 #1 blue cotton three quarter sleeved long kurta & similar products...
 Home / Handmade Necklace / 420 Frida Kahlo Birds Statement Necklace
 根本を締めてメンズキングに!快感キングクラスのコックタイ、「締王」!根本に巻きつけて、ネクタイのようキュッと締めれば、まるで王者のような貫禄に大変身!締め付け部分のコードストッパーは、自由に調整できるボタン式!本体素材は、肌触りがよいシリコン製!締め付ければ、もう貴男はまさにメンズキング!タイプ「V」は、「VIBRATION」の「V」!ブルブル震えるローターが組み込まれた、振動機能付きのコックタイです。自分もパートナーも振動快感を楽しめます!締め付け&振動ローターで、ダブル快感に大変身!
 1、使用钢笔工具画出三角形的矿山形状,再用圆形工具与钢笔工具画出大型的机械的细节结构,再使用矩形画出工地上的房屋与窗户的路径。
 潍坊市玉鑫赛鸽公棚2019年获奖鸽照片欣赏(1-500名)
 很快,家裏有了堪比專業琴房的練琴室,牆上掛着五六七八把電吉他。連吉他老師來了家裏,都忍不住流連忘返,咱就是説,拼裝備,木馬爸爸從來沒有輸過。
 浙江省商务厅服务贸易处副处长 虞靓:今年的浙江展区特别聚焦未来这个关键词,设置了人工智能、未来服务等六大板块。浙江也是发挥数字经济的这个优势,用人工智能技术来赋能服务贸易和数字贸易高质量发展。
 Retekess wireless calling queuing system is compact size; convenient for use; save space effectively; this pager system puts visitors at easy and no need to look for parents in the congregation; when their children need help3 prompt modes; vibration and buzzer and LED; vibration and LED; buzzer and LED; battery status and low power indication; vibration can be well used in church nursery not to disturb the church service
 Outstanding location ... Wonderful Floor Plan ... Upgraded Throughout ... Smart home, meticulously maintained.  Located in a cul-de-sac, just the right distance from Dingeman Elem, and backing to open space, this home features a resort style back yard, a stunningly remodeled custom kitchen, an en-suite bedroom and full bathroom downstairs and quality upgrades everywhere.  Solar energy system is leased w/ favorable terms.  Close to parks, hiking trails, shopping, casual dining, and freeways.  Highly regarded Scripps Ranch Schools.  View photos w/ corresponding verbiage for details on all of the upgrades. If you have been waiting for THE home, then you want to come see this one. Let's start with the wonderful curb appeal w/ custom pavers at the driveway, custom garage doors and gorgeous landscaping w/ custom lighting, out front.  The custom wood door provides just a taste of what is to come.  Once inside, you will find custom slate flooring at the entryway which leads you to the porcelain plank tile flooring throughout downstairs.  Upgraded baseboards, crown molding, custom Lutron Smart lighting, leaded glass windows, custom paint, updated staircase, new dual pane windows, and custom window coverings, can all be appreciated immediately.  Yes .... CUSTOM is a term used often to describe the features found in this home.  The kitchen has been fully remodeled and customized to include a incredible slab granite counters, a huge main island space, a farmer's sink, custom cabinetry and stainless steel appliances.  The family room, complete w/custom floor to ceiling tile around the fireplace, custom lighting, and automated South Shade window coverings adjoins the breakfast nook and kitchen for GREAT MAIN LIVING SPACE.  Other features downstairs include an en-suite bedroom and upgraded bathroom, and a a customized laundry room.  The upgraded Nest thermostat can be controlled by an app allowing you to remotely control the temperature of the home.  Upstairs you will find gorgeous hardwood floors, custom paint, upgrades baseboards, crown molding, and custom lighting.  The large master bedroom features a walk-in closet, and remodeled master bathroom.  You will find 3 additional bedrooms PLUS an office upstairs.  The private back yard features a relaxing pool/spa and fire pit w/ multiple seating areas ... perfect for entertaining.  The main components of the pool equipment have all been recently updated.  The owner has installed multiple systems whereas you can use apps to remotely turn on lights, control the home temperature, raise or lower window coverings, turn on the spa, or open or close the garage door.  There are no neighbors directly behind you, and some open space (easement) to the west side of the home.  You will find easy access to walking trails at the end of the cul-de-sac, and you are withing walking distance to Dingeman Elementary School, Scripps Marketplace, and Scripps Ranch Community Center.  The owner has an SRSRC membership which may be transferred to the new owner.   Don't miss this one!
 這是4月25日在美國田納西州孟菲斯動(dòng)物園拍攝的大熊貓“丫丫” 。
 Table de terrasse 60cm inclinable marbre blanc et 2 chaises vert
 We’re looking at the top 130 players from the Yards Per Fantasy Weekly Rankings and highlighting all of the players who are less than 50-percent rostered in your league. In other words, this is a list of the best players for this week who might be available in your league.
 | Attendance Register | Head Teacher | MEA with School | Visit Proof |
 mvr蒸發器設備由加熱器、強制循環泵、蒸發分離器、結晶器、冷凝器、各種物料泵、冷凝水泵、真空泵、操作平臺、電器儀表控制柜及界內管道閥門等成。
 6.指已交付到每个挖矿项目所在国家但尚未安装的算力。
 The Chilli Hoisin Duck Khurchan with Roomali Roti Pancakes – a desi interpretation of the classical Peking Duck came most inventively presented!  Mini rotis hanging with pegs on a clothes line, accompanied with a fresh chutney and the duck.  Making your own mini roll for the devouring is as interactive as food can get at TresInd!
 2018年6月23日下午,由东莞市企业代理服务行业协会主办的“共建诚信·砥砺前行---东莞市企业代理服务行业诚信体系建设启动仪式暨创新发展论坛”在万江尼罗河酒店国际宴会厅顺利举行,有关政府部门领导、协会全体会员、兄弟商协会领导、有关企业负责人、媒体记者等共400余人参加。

----------

Where the line with "浙江省商务厅服务贸易处副处长" ends, your copy should end too; please return exactly the lines from the first line of the data through it.

TASK RESULT:
 #1 blue cotton three quarter sleeved long kurta & similar products...
 Home / Handmade Necklace / 420 Frida Kahlo Birds Statement Necklace
 根本を締めてメンズキングに!快感キングクラスのコックタイ、「締王」!根本に巻きつけて、ネクタイのようキュッと締めれば、まるで王者のような貫禄に大変身!締め付け部分のコードストッパーは、自由に調整できるボタン式!本体素材は、肌触りがよいシリコン製!締め付ければ、もう貴男はまさにメンズキング!タイプ「V」は、「VIBRATION」の「V」!ブルブル震えるローターが組み込まれた、振動機能付きのコックタイです。自分もパートナーも振動快感を楽しめます!締め付け&振動ローターで、ダブル快感に大変身!
 1、使用钢笔工具画出三角形的矿山形状,再用圆形工具与钢笔工具画出大型的机械的细节结构,再使用矩形画出工地上的房屋与窗户的路径。
 潍坊市玉鑫赛鸽公棚2019年获奖鸽照片欣赏(1-500名)
 很快,家裏有了堪比專業琴房的練琴室,牆上掛着五六七八把電吉他。連吉他老師來了家裏,都忍不住流連忘返,咱就是説,拼裝備,木馬爸爸從來沒有輸過。
 浙江省商务厅服务贸易处副处长 虞靓:今年的浙江展区特别聚焦未来这个关键词,设置了人工智能、未来服务等六大板块。浙江也是发挥数字经济的这个优势,用人工智能技术来赋能服务贸易和数字贸易高质量发展。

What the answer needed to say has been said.